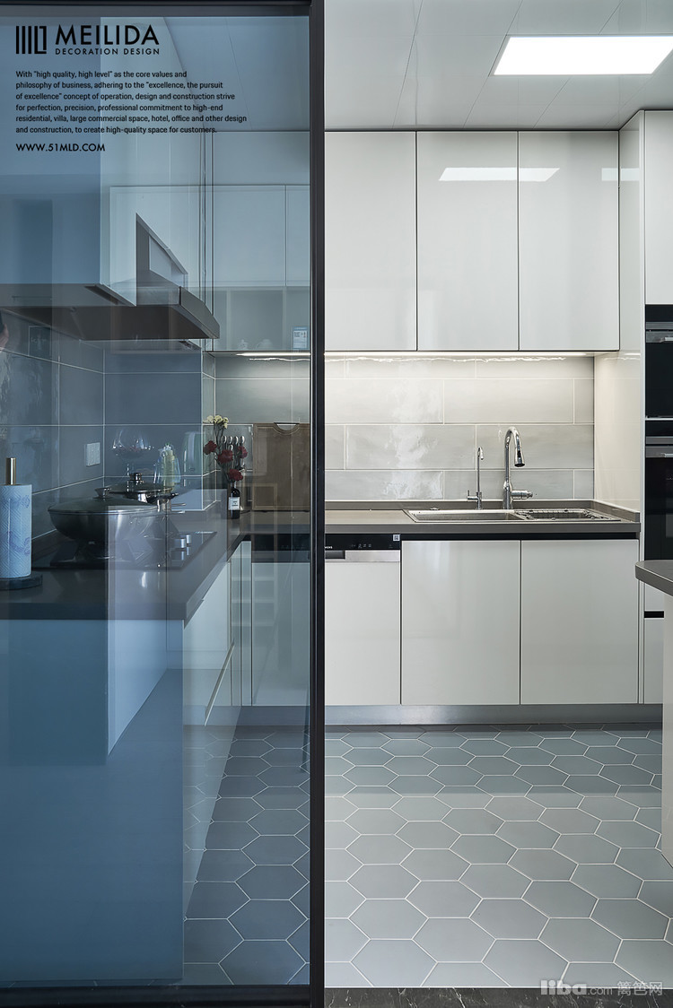 ▲厨房的地面选择了多边形砖的组合,让整个空间更加的有层次感,搭配蓝色的玻璃门和白色的橱柜,整体干净而又清爽。
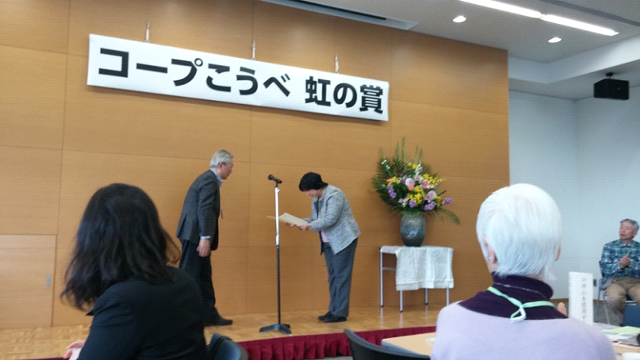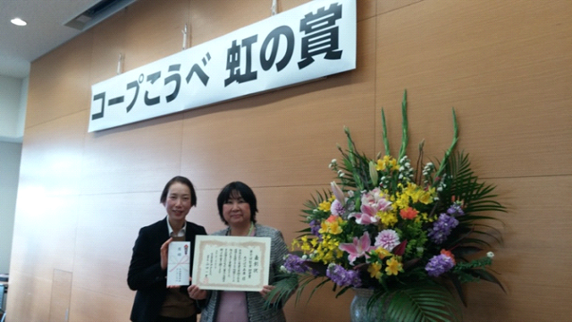 2020年1月31日、コープこうべ住吉事務所大ホールで「コープこうべ虹の賞」の表彰式があり功労章を受賞しました。推薦のあった86件の中から功労賞7団体(10年以上の活動実績)と奨励賞8団体(10年未満の活動実績)が表彰されました。
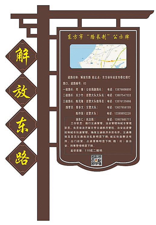 东方市主动将市综合行政执法局纳入“路长制”工作体系,实行“公安+城管”勤务模式的“路长制”,将治理重点放在汽车站、农贸市场、学校周边及市区主要道路交叉口等重点部位,以迅速反应由于占道摆摊造成的交通拥堵等突出问题。
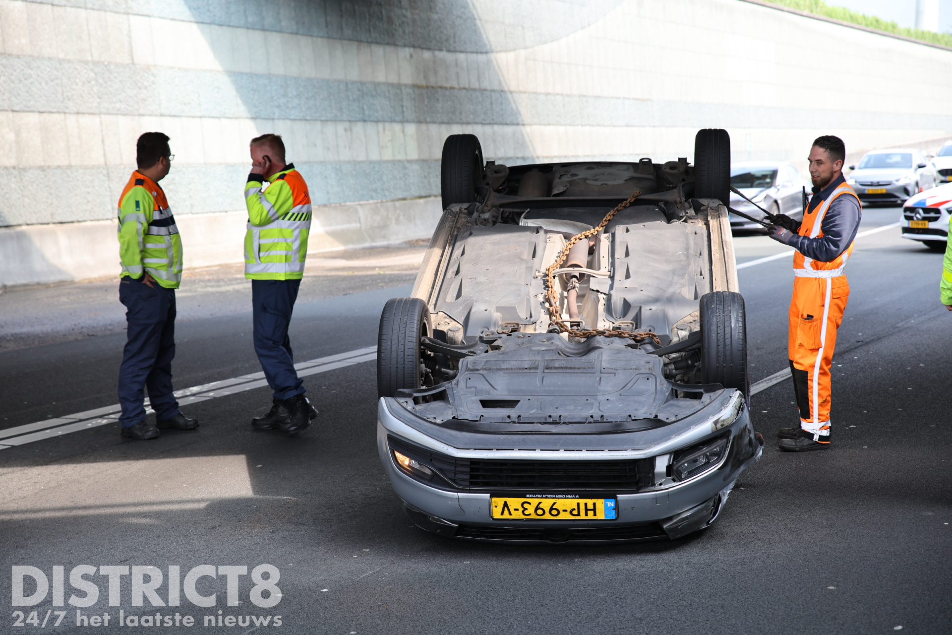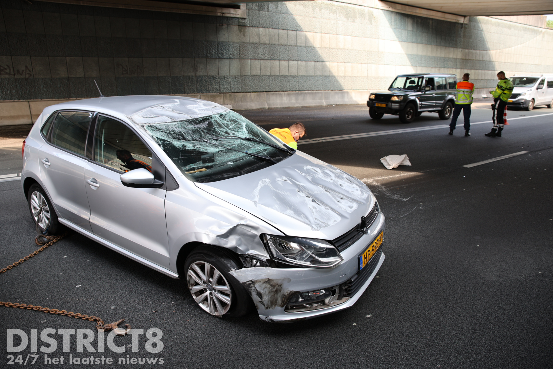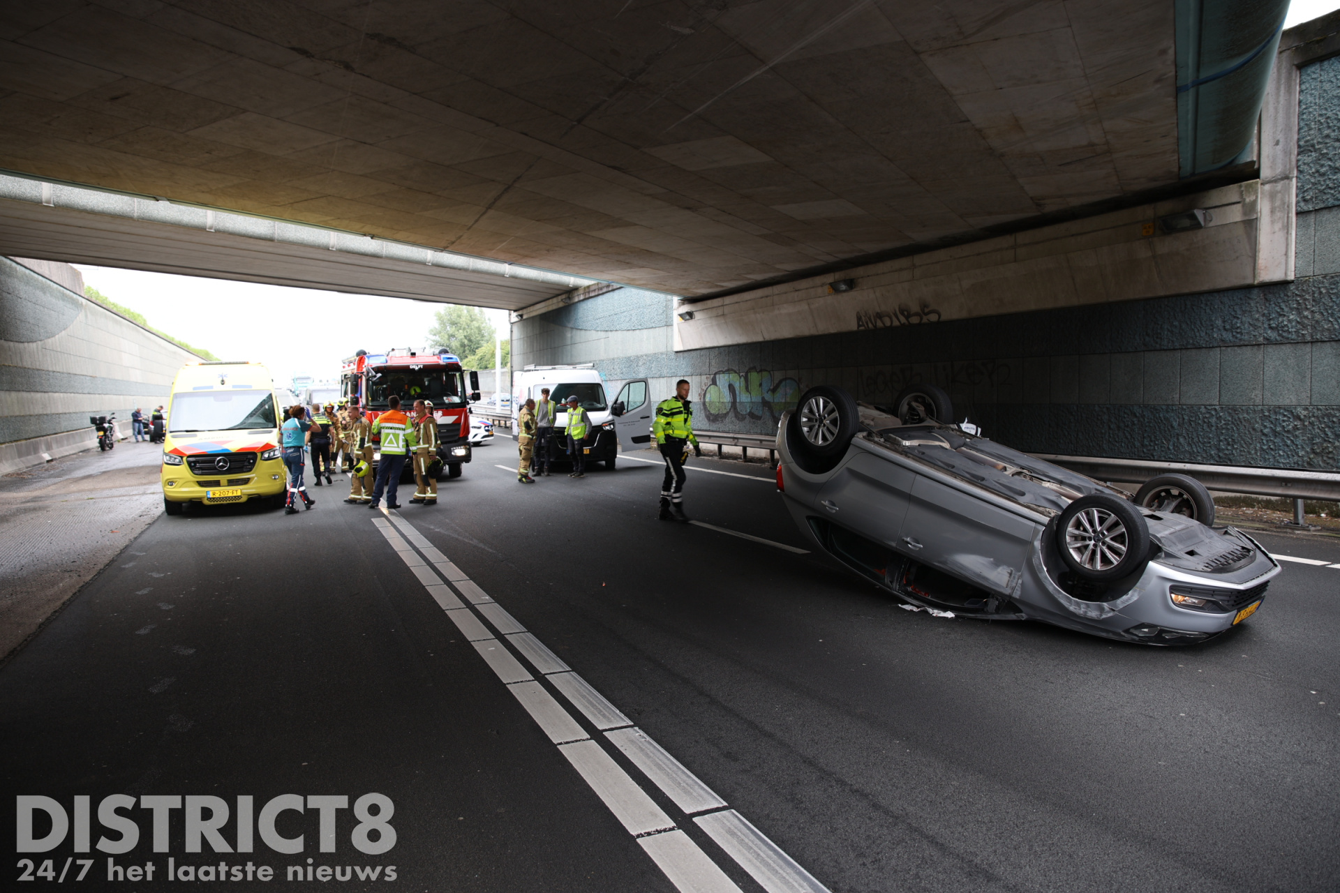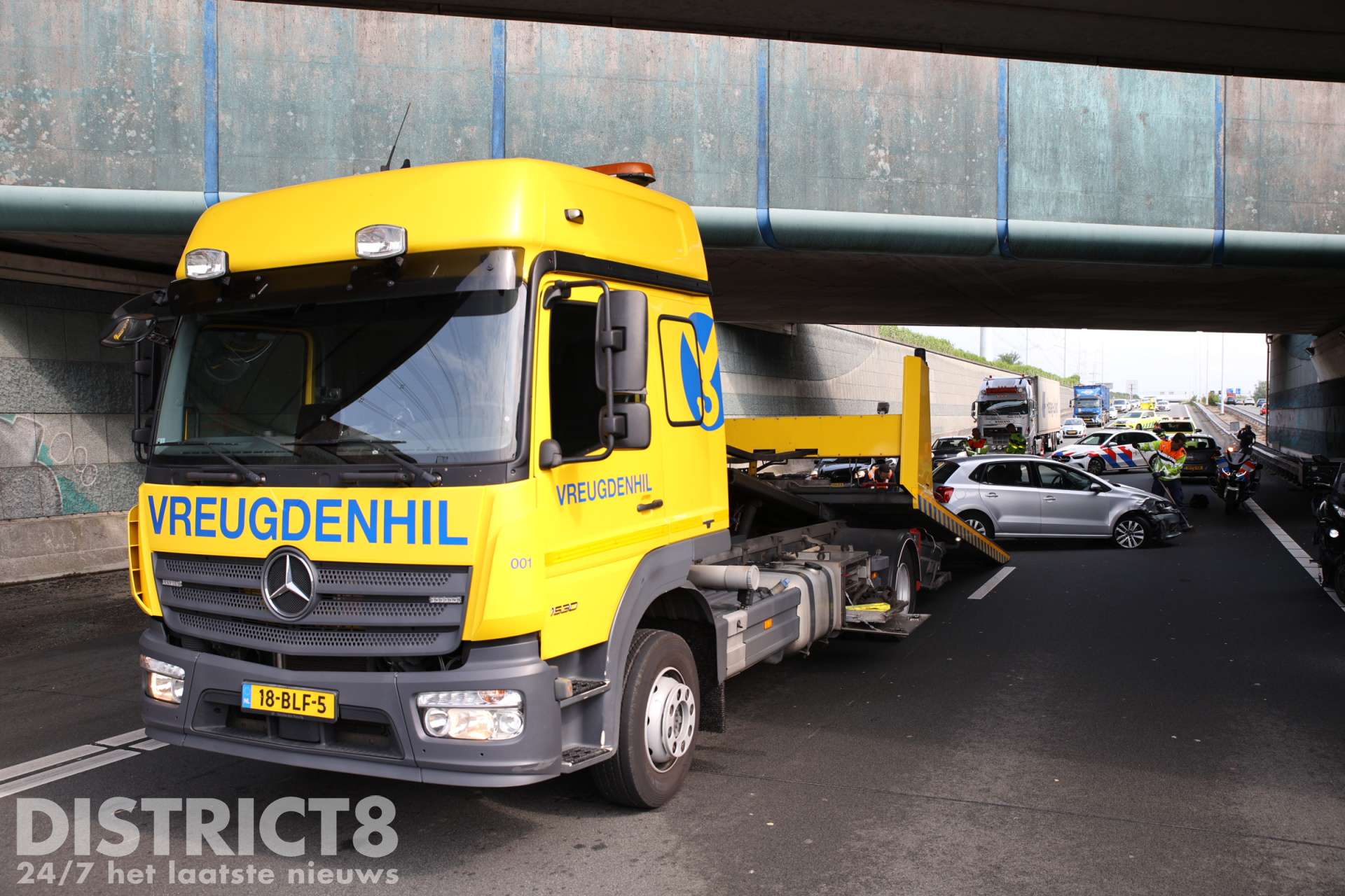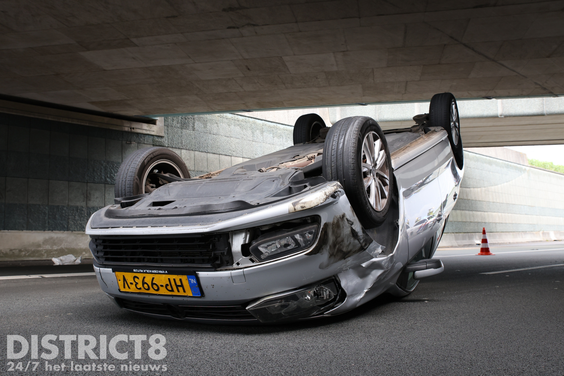 Schipluiden – Op de A4 bij het Gaag-aquaduct is donderdagmiddag 5 juni een auto over de kop geslagen na een aanrijding. De bestuurder moest uitwijken voor een vrachtwagen, waarbij het voertuig aan de achterkant werd geraakt en over de kop sloeg.
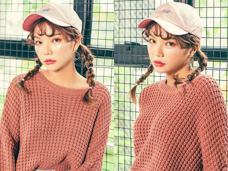 卷翘的刘海随意贴着额前,看起来个性十足,由于妹子头发较细少,所以编成的两条辫子也特别细小,利索的垂在肩膀两边,头戴棒球帽,加上棕色发色,有点街头潮流之范。
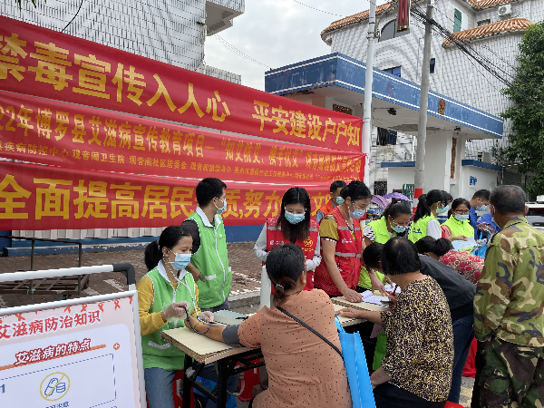 為了讓廣大居民群眾更加準(zhǔn)確了解關(guān)注艾滋病,及關(guān)愛艾滋病感染者,并向大家更好的宣傳普及防艾知識,在2022年“世界艾滋病日”來臨之際,11月15日上午,由博羅縣衛(wèi)生健康局、博羅縣疾病預(yù)防控制中心主辦,惠州市惠民社會工作服務(wù)中心承辦,觀音閣鎮(zhèn)社區(qū)黨群服務(wù)中心、觀音閣鎮(zhèn)衛(wèi)生院、觀音閣鎮(zhèn)禁毒辦、觀音閣鎮(zhèn)社區(qū)“三社聯(lián)動”社工站協(xié)辦的“博羅縣艾滋病防治宣傳教育項目----知艾防艾.攜手抗艾”防艾宣傳活動在觀音閣鎮(zhèn)老派出所門口舉行。
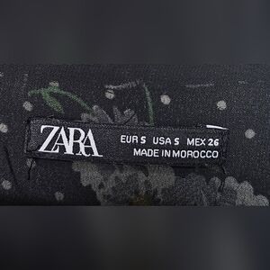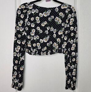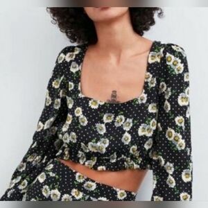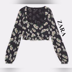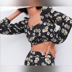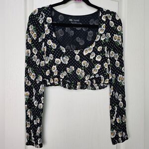 Zara Women's Black Floral Daisy Print Long Sleeve Square Neck Crop Top, SMALL

———

§ **TASK**: Everything from the line containing "為了讓廣大居民群眾更加準(z" to the final line of the listing above, both ends included, should be transcribed word for word, except for the pictures.

§ **EXPECTED OUTPUT**:
 為了讓廣大居民群眾更加準(zhǔn)確了解關(guān)注艾滋病,及關(guān)愛艾滋病感染者,并向大家更好的宣傳普及防艾知識,在2022年“世界艾滋病日”來臨之際,11月15日上午,由博羅縣衛(wèi)生健康局、博羅縣疾病預(yù)防控制中心主辦,惠州市惠民社會工作服務(wù)中心承辦,觀音閣鎮(zhèn)社區(qū)黨群服務(wù)中心、觀音閣鎮(zhèn)衛(wèi)生院、觀音閣鎮(zhèn)禁毒辦、觀音閣鎮(zhèn)社區(qū)“三社聯(lián)動”社工站協(xié)辦的“博羅縣艾滋病防治宣傳教育項目----知艾防艾.攜手抗艾”防艾宣傳活動在觀音閣鎮(zhèn)老派出所門口舉行。
 Zara Women's Black Floral Daisy Print Long Sleeve Square Neck Crop Top, SMALL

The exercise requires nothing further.